Wu also floated a workaround during the hearing, suggesting that state law allows campaign funds to reimburse "any cost of a political process, a political cost of your office." He argued that state law "trumps the House rules, period." He encouraged donations to the House Democratic Caucus Campaign to help members pay.
'Breaking the rules to pay the fines for breaking the rules'
That maneuver drew a sharp reply from Rep. Mitch Little, a Republican from Lewisville. House rules prohibit members from using campaign funds to cover the fines. Little's response was pointed and concise.
"Breaking the rules to pay the fines for breaking the rules. Very meta."
Little's quip captured the central absurdity of the Democrats' position. They walked out on a constitutional obligation, the Texas Constitution requires members to be present during a governor's called special session, and now argue they should be allowed to use campaign donations to cover the penalty for that walkout, in apparent defiance of the very House rules that govern them.
The broader pattern is worth noting. National Democratic figures have continued to invest in Texas politics even as the party's legislative minority faces consequences for its tactics. Vice President Kamala Harris deployed a robocall to boost a preferred candidate in a Texas Senate primary earlier this cycle, a sign of continued national attention to the state's Democratic bench.
What happens next
The immediate question is whether the 53 Democrats will pay. House rules give the committee the power to cut office budgets by 30 percent for members who refuse. That would hit staff, constituent services, and daily operations, a tangible consequence that falls not just on the lawmakers but on the people who work for them.

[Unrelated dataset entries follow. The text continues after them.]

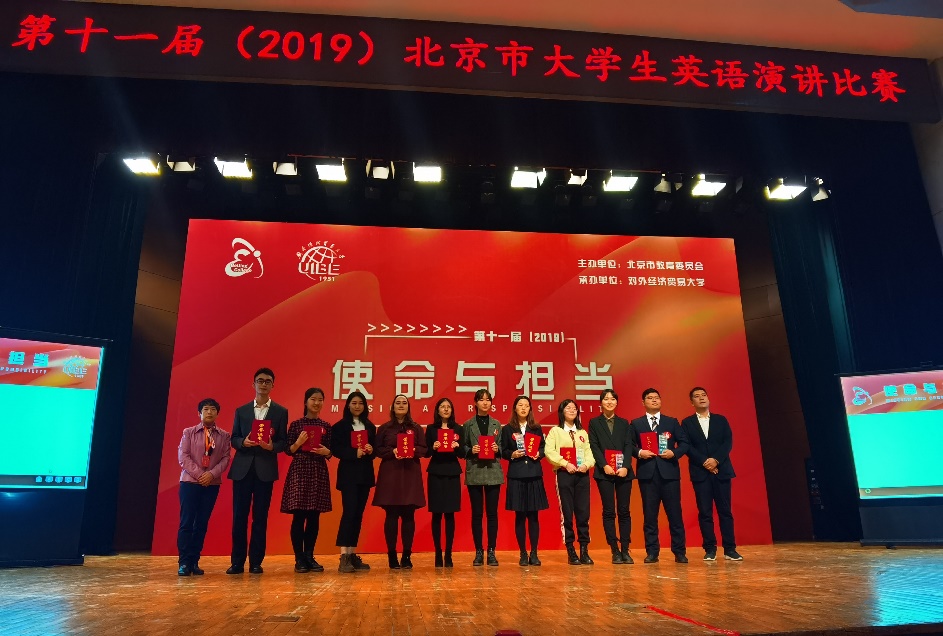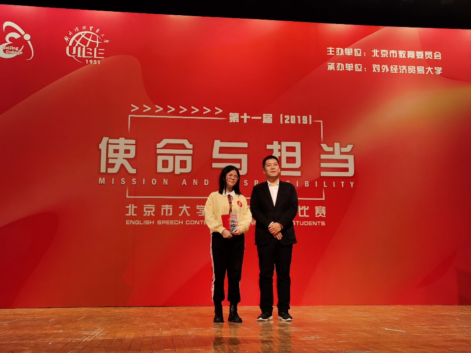 11月30日,由北京市教育委员会主办、对外经济贸易大学承办的第十一届(2019)北京市大学生英语演讲比赛圆满落幕,我校太阳集团tyc9728大一学生卢洁杀进决赛并荣获特等奖。本届大赛的主题是“使命与担当”,来自六十所北京高校的六十名选手同台竞技,以自己的演讲为媒介从不同角度阐释和传播新时代青年的“使命与担当”。我校选手卢洁复赛阶段尽管排位比较靠前不算太理想,但她仍以95.4分的高分位列小组第一出线进入了决赛。在决赛阶段,她沉着应战,凭借扎实的基本功和出色的发挥再次以94.21的高分拔得头筹,获得该项比赛特等奖。祝贺卢洁在此赛事中取得的优异成绩,同时也感谢英院指导老师周杜娟、龚雁老师以及英院演讲队成员们的辛勤付出。
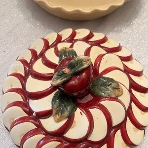 Vintage NEW IN BOX Ceramic 10.5" Country Apple Pie Dish with Cover Lid
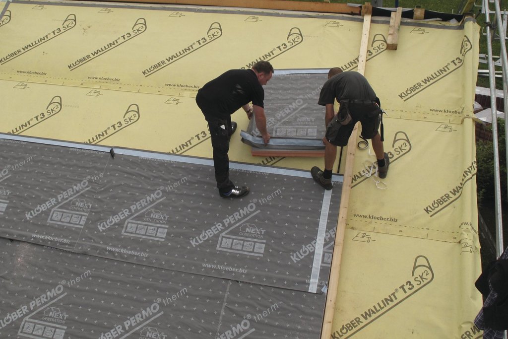 Nejsnazší a doporučovaná aplikace nadkrokevního systému Thermo-line je z venkovní strany a to buď přímo na krokve nebo na pevný, prkenný či deskový záklop nad krokvemi. V prvním kroku se položí parobrzda Wallint T3 SK2, což je třívrstvá kombinace tkaniny a fólie o plošné hmotnosti 160 g/m2. Ekvivalentní difúzní tloušťku této fólie reprezentuje vzduchová vrstva 3 m silná, tedy Sd = 3 m. Fólie Wallint T3 SK2 je extrémně odolná, plně pochůzná a je opatřena integrovanou dvojitou lepicí páskou. Ta slouží k bezpečnému docílení vzduchotěsnosti a souvislé parobrzdné vrstvy bez otevřených průduchů, které nejčastěji bývají v místech překrytí pásů fólie při jejich chybějícím nebo nedostatečném slepení.
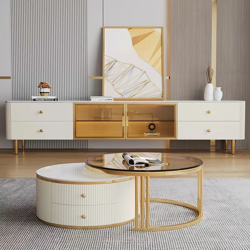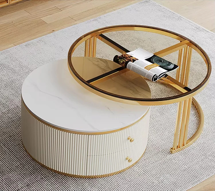 🔸 Măsuța mare are o structură solidă din MDF și un blat din piatră sinterizată, rezistent la zgârieturi, căldură și uzură zilnică. Este echipată cu două sertare spațioase, ideale pentru depozitarea telecomenzilor, revistelor sau altor obiecte mici, menținând ordinea în sufrageria ta.
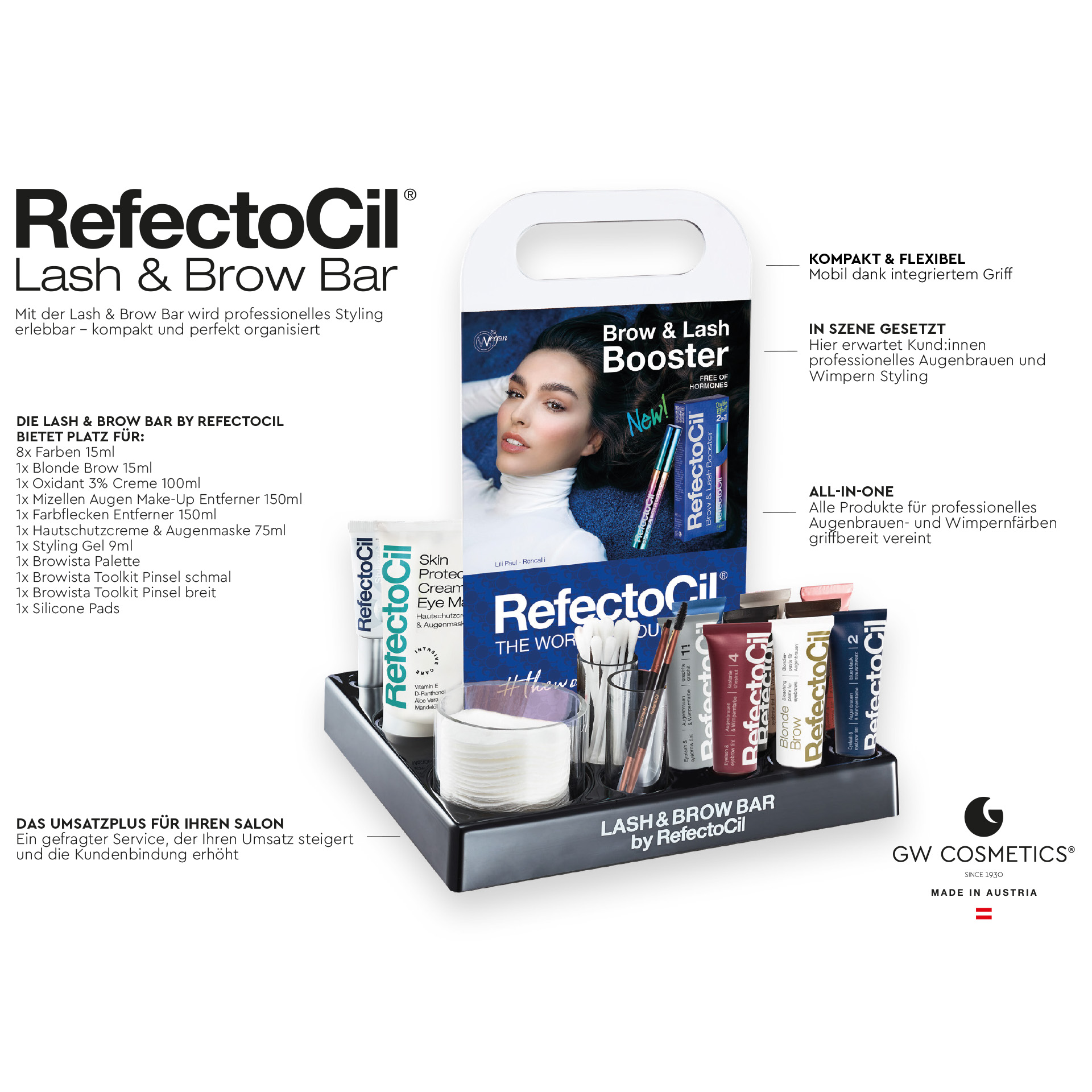 Super practical & super stylish. The new RefectoCil Lash & Brow Bar is small, lightweight and can be carried from place to place thanks to the integrated handle. With integrated containers for colors and accessories.

Wu's suggestion that campaign funds could cover the fines sets up a potential rules clash. If Democrats attempt that route, Republicans will almost certainly challenge it. The question of whether state campaign-finance law overrides House internal rules has not been resolved.
Democrats have also not been shut out of every recent contest in the state. A Democrat flipped a Texas Senate seat in Tarrant County in a notable recent race, a reminder that the party still competes in certain suburban districts even as its House caucus faces institutional discipline.
Several open questions remain. The caucus's complaints about last-minute document production and insufficient review time could form the basis of a legal challenge. The specific enforcement costs, what the $125,000 covered, and whether every dollar was properly documented, were disputed in the hearing and never fully resolved to the Democrats' satisfaction before Republicans voted to proceed.
The real lesson
The Texas walkout was celebrated in progressive media at the time as a bold stand against redistricting. Democrats framed it as defending democracy. But the redistricting bill passed anyway. The lawsuits in Illinois and California failed. And now the absent lawmakers owe nearly $423,000 out of their own pockets, or face budget cuts that will hurt their offices and staffs.
The Texas Constitution does not include an exception for quorum-breaking when you disagree with the agenda. Elected legislators are expected to show up, debate, vote, and accept the outcome. When 53 of them decided the rules didn't apply, the system eventually caught up.
Wu says his caucus would "make that same decision again." That's his right. But the bill always comes due, and this time, it's $8,354 per head.